Больше я его разговорами не донимала. Юра производил впечатление очень спокойного и довольно замкнутого человека, так зачем понапрасну раздражать? Такие люди очень часто еще и упрямы, но эта черта мне импонирует: терпеть не могу взбалмошных балбесов, у которых семь пятниц на неделе. Вообще серьезность в людях уважаю. И он прав, время нужно — да хотя бы для того, чтобы мы с ним лучше начали друг друга понимать.
Фильм мы выбирали не особенно тщательно, просто пошли на первый же сеанс. Боевик потрясал воображение роскошными спецэффектами и полным отсутствием сюжета. Время пролетело быстро, но я ловила себя на мысли, что никакой романтичности не наблюдалось: мы не ныряем одновременно руками в стаканчик с попкорном, чтобы тут же сжаться от случайного соприкосновения, не наклоняемся друг к другу, чтобы о чем-то сказать, и не бросаем украдкой взгляды так, чтобы второй не заметил. Сидим и смотрим фильм — быть может, единственные во всей истории кинематографа зрители, которые именно затем сюда и пришли.
Это пока ни о чем не говорило, но на самом деле я бы хотела знать точно, есть ли хоть капля симпатии. Возможно, это так важно было потому, что я сама испытывала к нему симпатию и была бы готова влюбиться. Но, конечно, только при условии, что он влюбится первым и мне не грозит невзаимность.
После кинотеатра мы завернули в кафе — на ужин в отеле все равно опоздали.
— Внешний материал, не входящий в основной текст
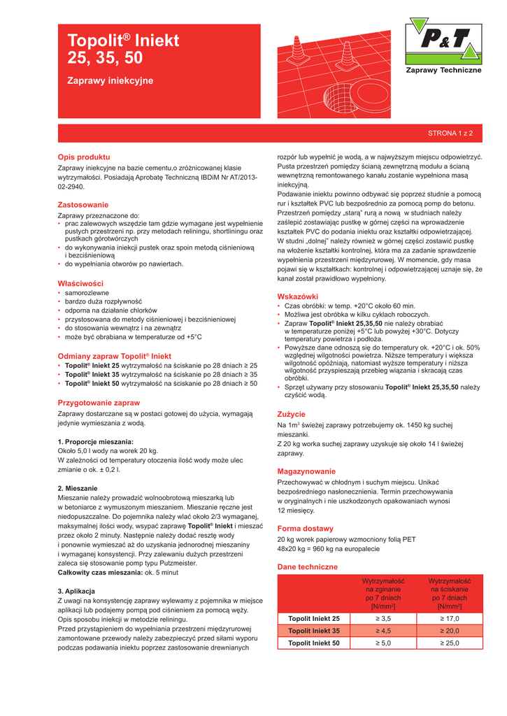 Topolit® Iniekt 25, 35, 50 Zaprawy iniekcyjne STRONA 1 z 2 Opis produktu Zaprawy iniekcyjne na bazie cementu,o zróżnicowanej klasie wytrzymałości. Posiadają Aprobatę Techniczną IBDiM Nr AT/201302-2940. Zastosowanie Zaprawy przeznaczone do: • prac zalewowych wszędzie tam gdzie wymagane jest wypełnienie pustych przestrzeni np. przy metodach reliningu, shortliningu oraz pustkach górotwórczych • do wykonywania iniekcji pustek oraz spoin metodą ciśnieniową i bezciśnieniową • do wypełniania otworów po nawiertach. Właściwości • • • • • • samorozlewne bardzo duża rozpływność odporna na działanie chlorków przystosowana do metody ciśnieniowej i bezciśnieniowej do stosowania wewnątrz i na zewnątrz może być obrabiana w temperaturze od +5°C Odmiany zapraw Topolit® Iniekt • Topolit® Iniekt 25 wytrzymałość na ściskanie po 28 dniach ≥ 25 • Topolit® Iniekt 35 wytrzymałość na ściskanie po 28 dniach ≥ 35 • Topolit® Iniekt 50 wytrzymałość na ściskanie po 28 dniach ≥ 50 Przygotowanie zapraw Zaprawy dostarczane są w postaci gotowej do użycia, wymagają jedynie wymieszania z wodą. 1.Proporcje mieszania: Około 5,0 l wody na worek 20 kg. W zależności od temperatury otoczenia ilość wody może ulec zmianie o ok. ± 0,2 l. 2. Mieszanie Mieszanie należy prowadzić wolnoobrotową mieszarką lub w betoniarce z wymuszonym mieszaniem. Mieszanie ręczne jest niedopuszczalne. Do pojemnika należy wlać około 2/3 wymaganej, maksymalnej ilości wody, wsypać zaprawę Topolit® Iniekt i mieszać przez około 2 minuty. Następnie należy dodać resztę wody i ponownie wymieszać aż do uzyskania jednorodnej mieszaniny i wymaganej konsystencji. Przy zalewaniu dużych przestrzeni zaleca się stosowanie pomp typu Putzmeister. Całkowity czas mieszania: ok. 5 minut 3.Aplikacja Z uwagi na konsystencję zaprawy wylewamy z pojemnika w miejsce aplikacji lub podajemy pompą pod ciśnieniem za pomocą węży. Opis sposobu iniekcji w metodzie reliningu. Przed przystąpieniem do wypełniania przestrzeni międzyrurowej zamontowane przewody należy zabezpieczyć przed siłami wyporu podczas podawania iniektu poprzez zastosowanie drewnianych rozpór lub wypełnić je wodą, a w najwyższym miejscu odpowietrzyć. Pusta przestrzeń pomiędzy ścianą zewnętrzną modułu a ścianą wewnętrzną remontowanego kanału zostanie wypełniona masą iniekcyjną. Podawanie iniektu powinno odbywać się poprzez studnie a pomocą rur i kształtek PVC lub bezpośrednio za pomocą pomp do betonu. Przestrzeń pomiędzy „starą” rurą a nową w studniach należy zaślepić zostawiając pustkę w górnej części na wprowadzenie kształtek PVC do podania iniektu oraz kształtki odpowietrzającej. W studni „dolnej” należy również w górnej części zostawić pustkę na włożenie kształtki kontrolnej, która ma za zadanie sprawdzenie wypełnienia przestrzeni międzyrurowej. W momencie, gdy masa pojawi się w kształtkach: kontrolnej i odpowietrzającej uznaje się, że kanał został prawidłowo wypełniony. Wskazówki • Czas obróbki: w temp. +20°C około 60 min. • Możliwa jest obróbka w kilku cyklach roboczych. • Zapraw Topolit® Iniekt 25,35,50 nie należy obrabiać w temperaturze poniżej +5°C lub powyżej +30°C. Dotyczy temperatury powietrza i podłoża. • Powyższe dane odnoszą się do temperatury ok. +20°C i ok. 50% względnej wilgotności powietrza. Niższe temperatury i większa wilgotność opóźniają, natomiast wyższe temperatury i niższa wilgotność przyspieszają przebieg wiązania i skracają czas obróbki. • Sprzęt używany przy stosowaniu Topolit® Iniekt 25,35,50 należy czyścić wodą. Zużycie Na 1m3 świeżej zaprawy potrzebujemy ok. 1450 kg suchej mieszanki. Z 20 kg worka suchej zaprawy uzyskuje się około 14 l świeżej zaprawy. Magazynowanie Przechowywać w chłodnym i suchym miejscu. Unikać bezpośredniego nasłonecznienia. Termin przechowywania w oryginalnych i nie uszkodzonych opakowaniach wynosi 12 miesięcy. Forma dostawy 20 kg worek papierowy wzmocniony folią PET 48x20 kg = 960 kg na europalecie Dane techniczne Wytrzymałość na zginanie po 7 dniach [N/mm2] Wytrzymałość na ściskanie po 7 dniach [N/mm2] Topolit Iniekt 25 ≥ 3,5 ≥ 17,0 Topolit Iniekt 35 ≥ 4,5 ≥ 20,0 Topolit Iniekt 50 ≥ 5,0 ≥ 25,0 Topolit® Iniekt 25, 35, 50 Zaprawy iniekcyjne STRONA 2 z 2 Wytrzymałość na zginanie po 28 dniach [N/mm2] Wytrzymałość na ściskanie po 28 dniach [N/mm2] Topolit Iniekt 25 ≥ 6,0 ≥ 27,0 Topolit Iniekt 35 ≥ 7,0 ≥ 35,0 Topolit Iniekt 50 ≥ 7,5 ≥ 50,0 Produkt zawiera cement. Należy używać środków ochrony indywidualnej w postaci rękawic i okularów ochronnych. Szczegółowe informacje odnośnie bezpieczeństwa, zdrowia i właściwości niebezpiecznych materiału dostępne są w Karcie Charakterystyki, którą otrzymacie Państwo na życzenie. Utylizacja pustych opakowań leży po stronie końcowego użytkownika i powinna być przeprowadzona zgodnie z obowiązującymi przepisami. Utylizacja pustych opakowań leży po stronie końcowego użytkownika i powinna być przeprowadzona zgodnie z obowiązującymi przepisami. HUFGARD POLSKA Sp. z o.o. 42-209 Częstochowa ul. Rząsawska 40 tel. +48 34 360 46 94 fax +48 34 360 46 98 www.hufgard.pl Podane w karcie technicznej dane i zalecenia wynikają z naszych badań i doświadczeń, jednak nie są zobowiązujące. Należy uwzględnić specyfikę obiektu budowlanego i dostosować odpowiednio dane, a w sytuacjach szczególnych należy przeprowadzić próby. Za prawidłowość powyższych danych odpowiadamy tylko w ramach naszych warunków sprzedaży i dostawy z wyłączeniem ich skutecznego zastosowania. Zalecenia naszych współpracowników odbiegające od danych zawartych w karcie technicznej są dla nas zobowiązujące, jeśli zostaną potwierdzone w formie pisemnej. Wydanie: 08-05-2013 Po ukazaniu się nowego wydania powyższe staję si
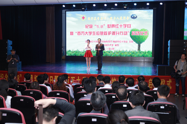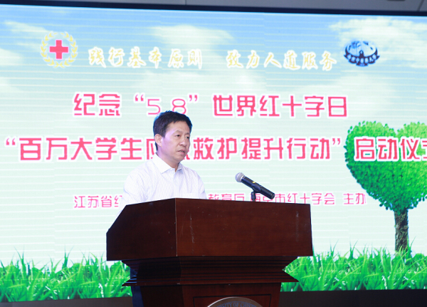 胡刚校长在欢迎致辞中指出,江苏省纪念“5.8”世界红十字日暨“百万大学生应急救护提升行动启动仪式”在我校隆重举行,是省市红十字会对我校红十字工作的肯定与支持。南京中医药大学作为医药类院校,培养“救死扶伤、治病救人”专业人才的目标与红十字会“人道、博爱、奉献”的精神高度契合。我校红十字会自1998年成立以来,立足社会服务和人才培养,加强组织建设、制度建设、阵地建设,开展宣传教育、学习培训和社会服务,充分挖掘红十字所倡导的人道主义和无私奉献精神与我校“仁德、仁术、仁人”教育理念的相通相融之处,把广泛、深入、持久地开展有特色的红十字活动作为提高学生整体素质、加强学生思想道德修养的重要载体,不断打造品牌活动,突显南中医特色,充分发挥红十字工作的社会效益和育人作用。
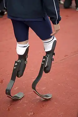 Pistorius competed in T44 (single below-knee amputees) events though he is classified in T43 (double below-knee amputee).[41] Sometimes referred to as the "Blade Runner" (after the science fiction film of the same name) and "the fastest man on no legs",[35][42][43] Pistorius took part in the 2004 Summer Paralympics in Athens and came third overall in the T44[35] 100-metre event.[44] Despite falling in the preliminary round for the 200 metres, he qualified for the final.[45] He went on to win the final in a world record time of 21.97 seconds, beating a pair of American runners, Marlon Shirley and Brian Frasure, both with single amputations.[44]
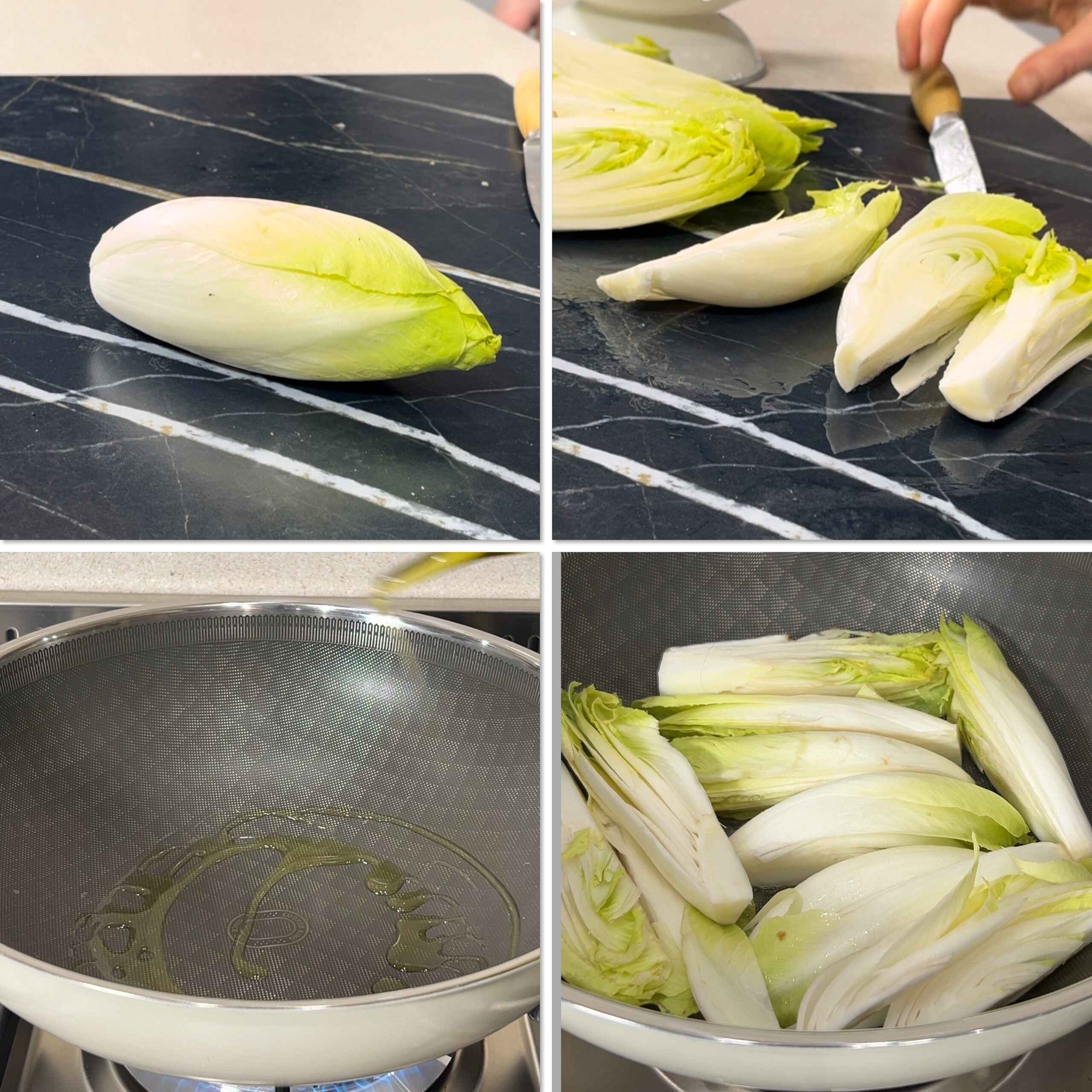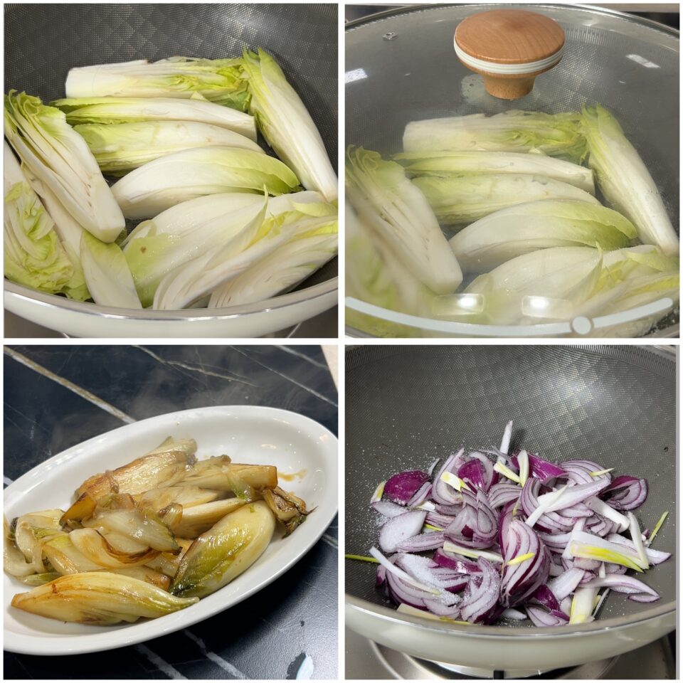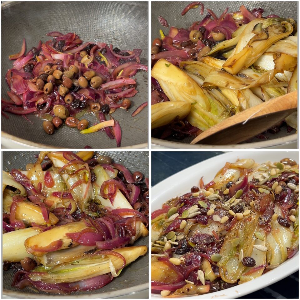 Preparazione dell’Indivia belga in agrodolce con cipolle e olive
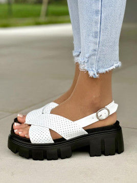 Wyjątkowe białe sandały damskie na czarnej podeszwie wykonane z wysokiej jakości skóry naturalnej to połączenie kontrastu i stylu. Biała górna część sandałów wyróżnia się elegancją i subtelnością, podczas gdy czarna podeszwa dodaje im nowoczesnego akcentu. Dzięki starannej konstrukcji oraz zastosowaniu materiałów najwyższej jakości, sandały nie tylko zachwycają wyglądem, ale także zapewniają niezrównany komfort noszenia. Regulowane paski umożliwiają idealne dopasowanie do stopy. Wyjątkowe białe sandały na czarnej podeszwie są nie tylko modnym dodatkiem do letnich stylizacji, ale również praktycznym i oryginalnym wyborem dla kobiet poszukujących obuwia, które wyróżnia się z tłumu.
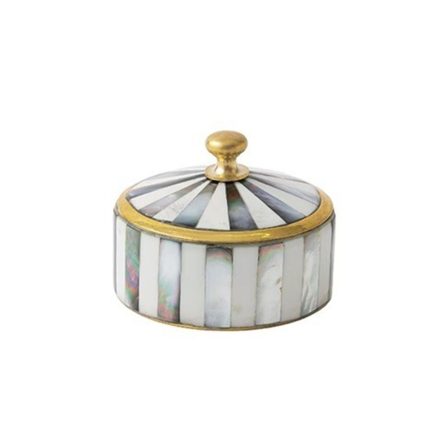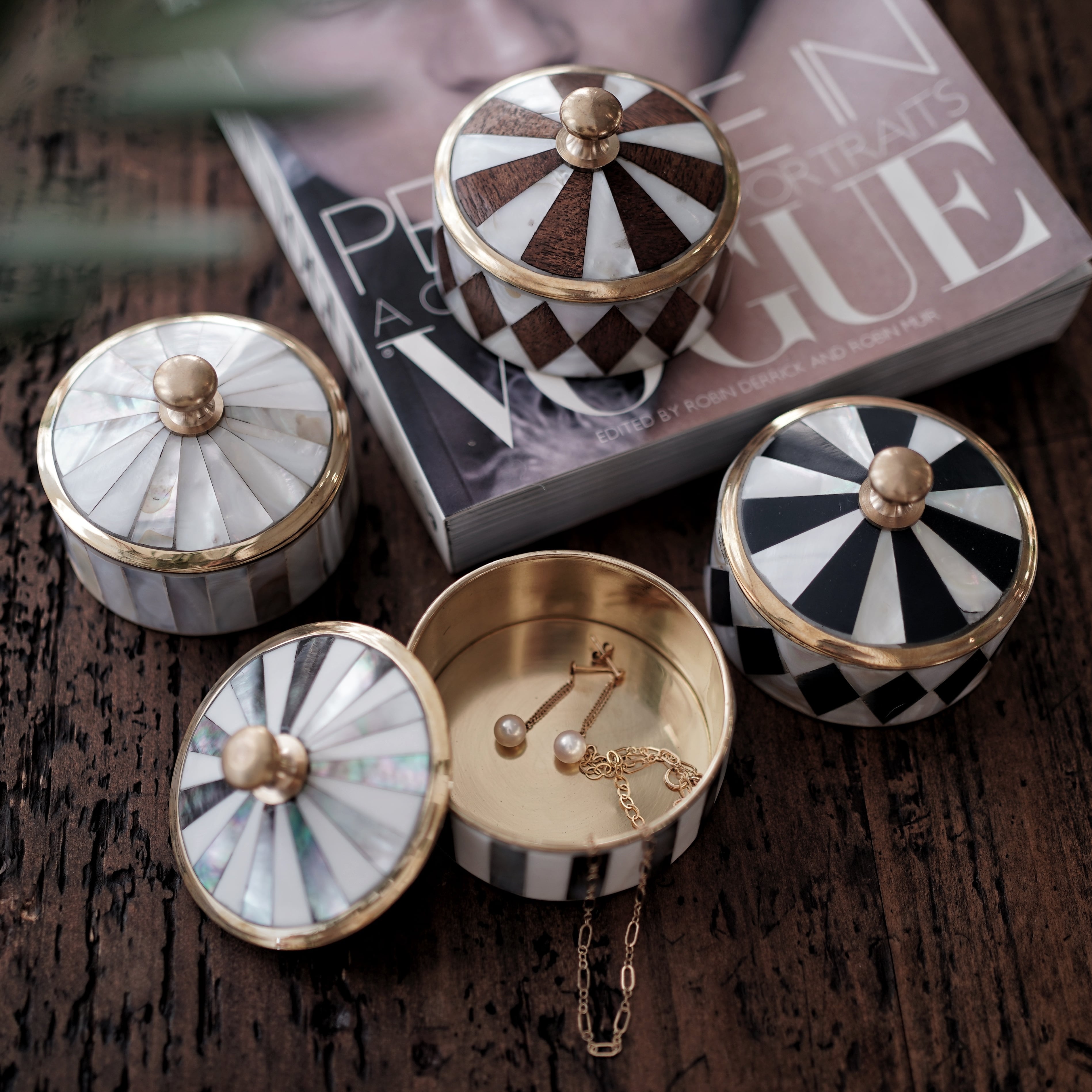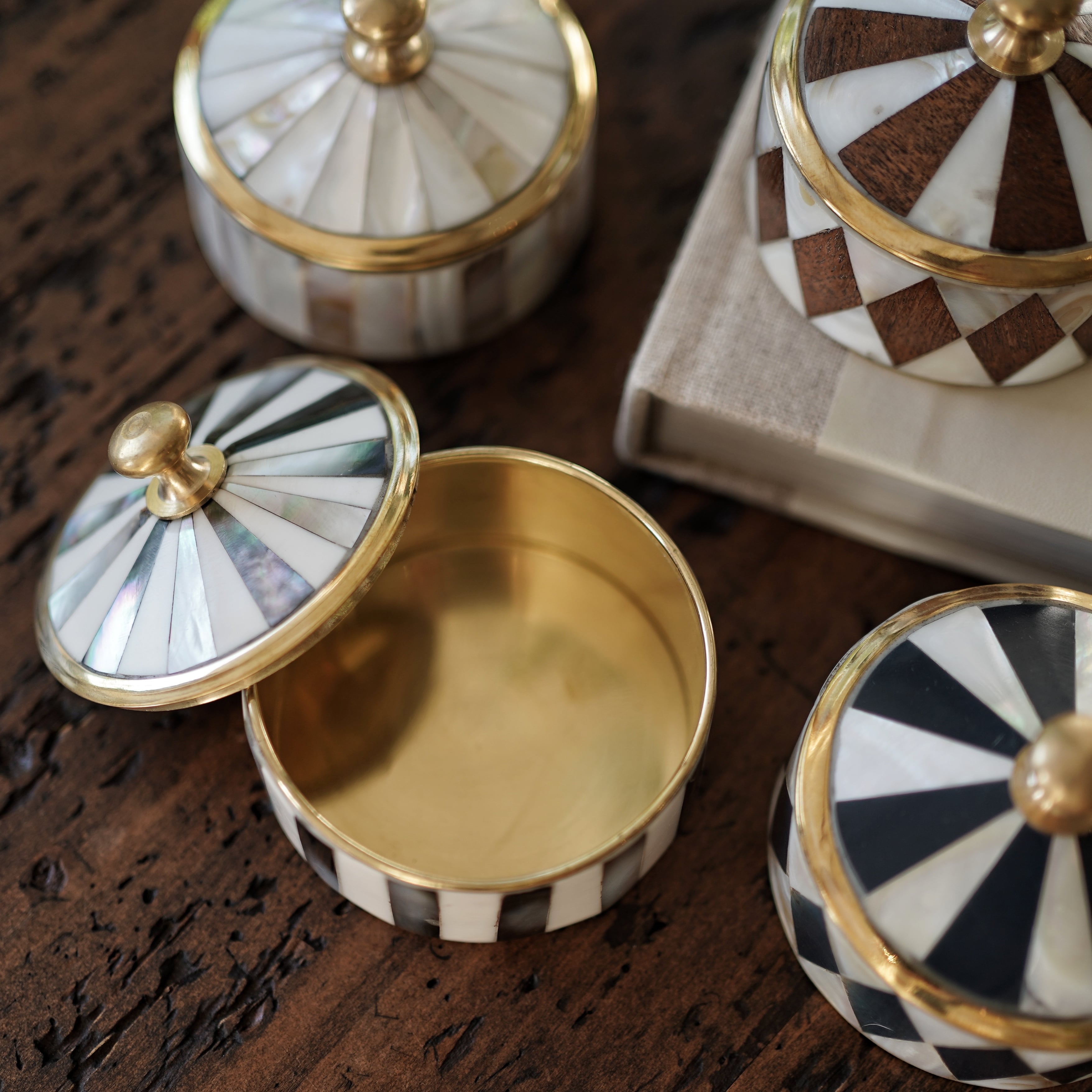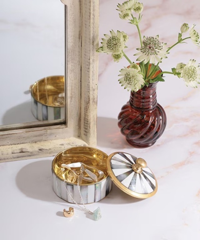 真鍮特有の落ち着いた光沢と、蓋に施されたマザーオブパールの細やかな装飾が時を重ねるように馴染み、静かな存在感を放ちます。

К счастью, Юра привез меня не в какой-нибудь ресторан, а в заведение среднего класса, иначе я в таком наряде чувствовала бы себя не в своей тарелке. Допускаю, что он даже сделал это специально. Это немного смущало, зато и зазвенело еще одной монеткой в копилке его достоинств — ко всем своим положительным чертам Юра еще внимателен и тактичен.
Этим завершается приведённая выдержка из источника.